2.2. SPINT1 Expression in Human Choroid Plexus
2.2.1. Classical Immunohistochemical SPINT1 Expression
In the human CP, immunoreactivities using a monoclonal antibody for SPINT1 (sc-137159) in all ten brains were observed in the cytoplasm of epithelial cells (Figure 2). There was no clear difference in localization of immunoreactivities for SPINT1 among the ten brain samples.
2.2.2. Double Immunofluorescence Examination of SPINT1 Expression
Double immunofluorescence examination using human samples showed that immunoreactivity for SPINT1 (sc-137159) was usually localized in the cytoplasm of CPE showing immunoreactivity for E-cadherin on the lateral membrane of CPE in a brain sample (Figure 3A–F).
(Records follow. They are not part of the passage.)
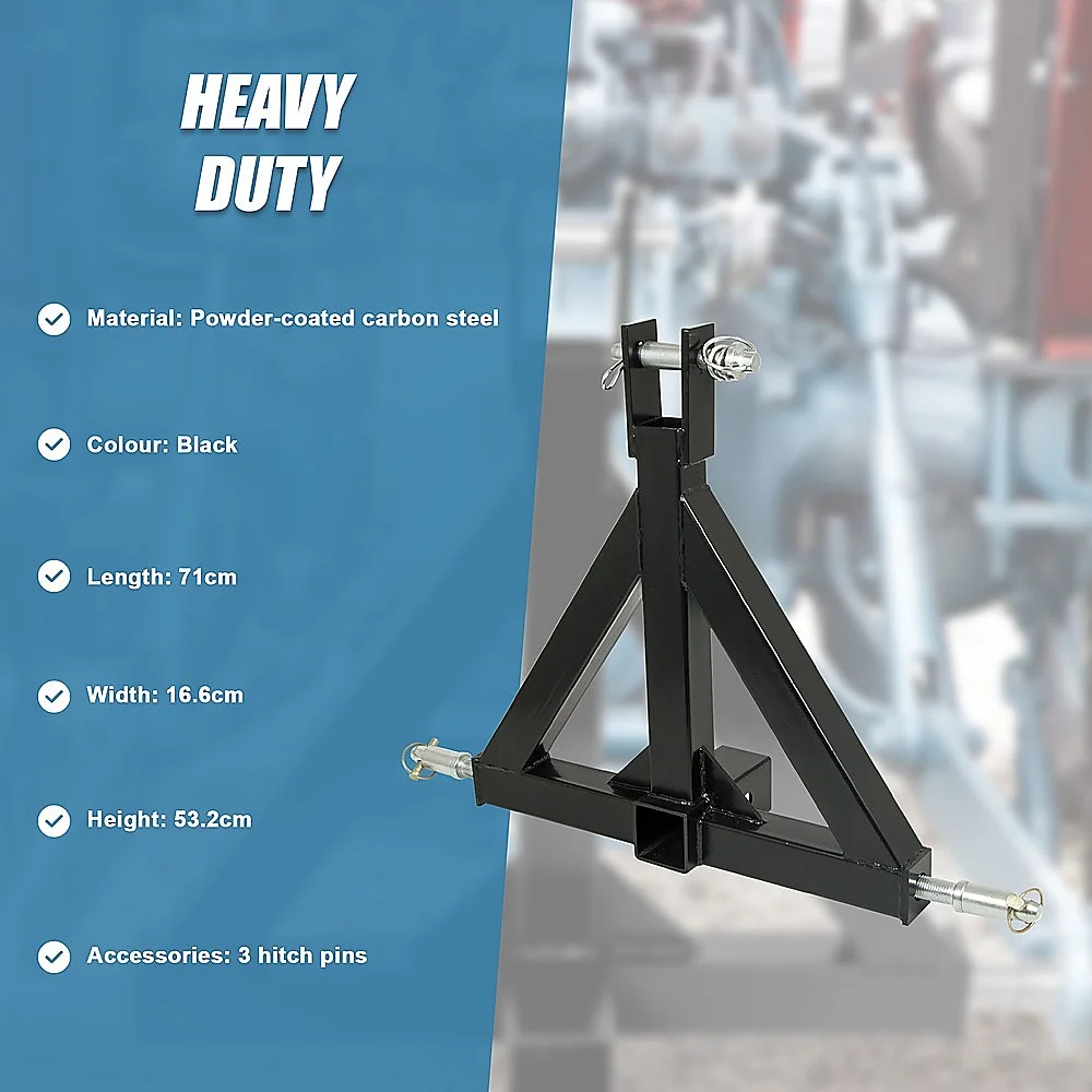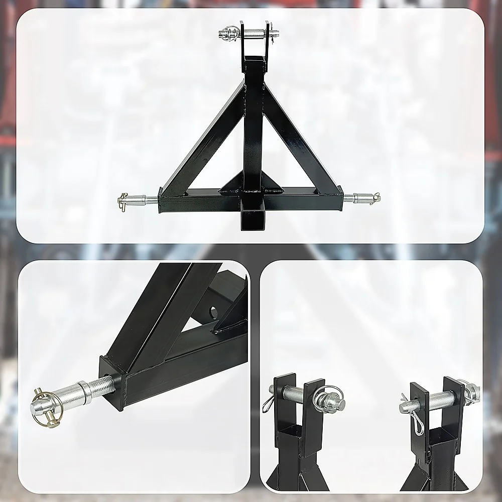 It's simple to install just tighten the attachment at the tractor lever's proper position. Its three-point suspension towbar allows you to manoeuvre easily when hauling trailers and other heavy machinery, while its three-point quick hitch works with all of the Category 1 tractors on the market. It's ready to go right out of the box it even comes with both the top and bottom pins for easy installation from the day you take delivery. Get a hitch that works as hard as you do. Order one of these tough three-point hitches today.
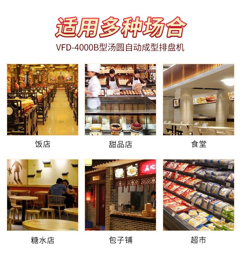今天給大家介紹一下這款VFD-4000B型湯圓機(jī),為什么要介紹它呢,這款機(jī)械制作多品種食品,關(guān)鍵是產(chǎn)量效率高,1小時(shí)的產(chǎn)量可達(dá)5000個(gè),相當(dāng)于20-30個(gè)工人同時(shí)手工制作湯圓,真正的低投入,高收益,省錢省工,可制作各式包餡食品,如湯圓、豆沙包、南瓜餅等,是賓館、飯店、企業(yè)、學(xué)校、部隊(duì)等公共食堂和專業(yè)戶理想的面食機(jī)械。
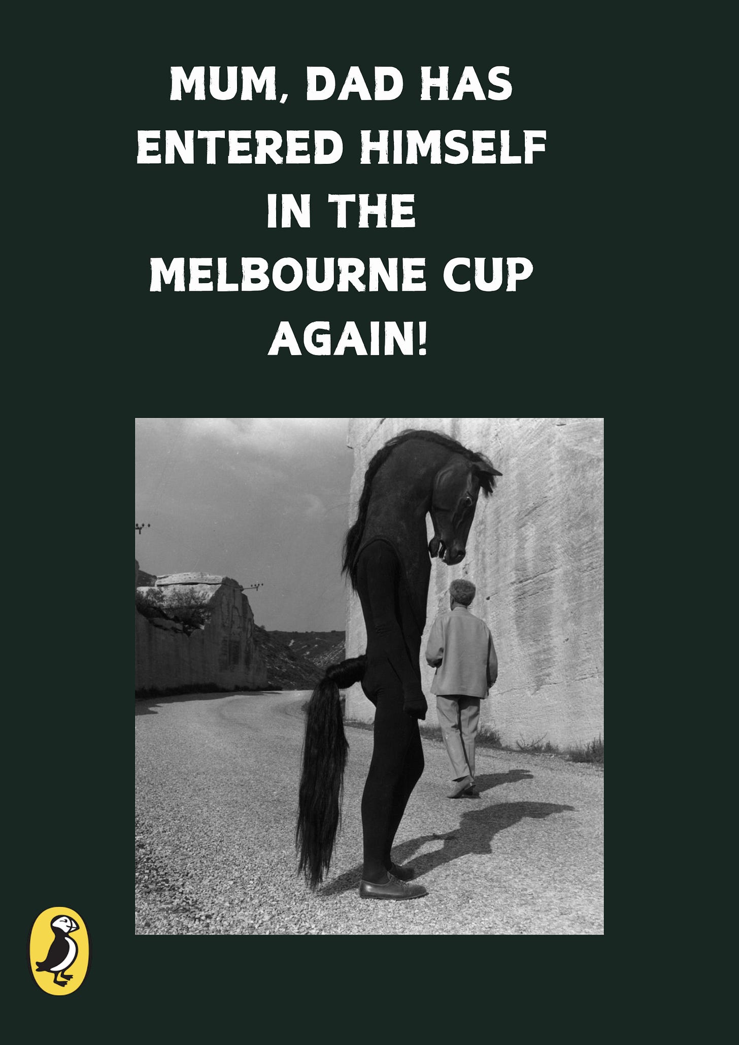 ‘Mum, Dad has entered himself in the Melbourne Cup again!’ I called out from the kitchen window as I watched dad give Uncle Barry a piggy back around the backyard. He was dressed in jockey silks and dad whinnied with every strike of his whip.

Immunoreactivity for E-cadherin was often decreased in the lateral cytoplasmic membrane of enlarged epithelial cells showing marked expression of SPINT1 (Figure 3D–F). In another sample, immunoreactivity for SPINT1 was usually localized in the cytoplasm of CPE showing immunoreactivity for E-cadherin on the lateral membrane of CPE, whereas SPINT1 immunoreactivity was sometimes inversely correlated with E-cadherin expression (Figure 3G–I). Immunoreactivity for SPINT1 was typically localized in the cytoplasm of CPE showing immunoreactivity for SIP1. Moreover, immunoreactivity for SIP1 was occasionally decreased in enlarged epithelial cells showing marked expression of SPINT1 and increased in epithelial cells showing weak SPINT1 expression (Figure 3J–O). Original unprocessed confocal microscopic images are shown in Supplemental Figure S1. In addition, a double immunohistochemical examination using antibodies for SPINT1 and mitochondria or endosomes was conducted. Immunoreactivity for SPINT1 was not colocalized with that for mitochondria or endosomes (Supplementary Figure S2).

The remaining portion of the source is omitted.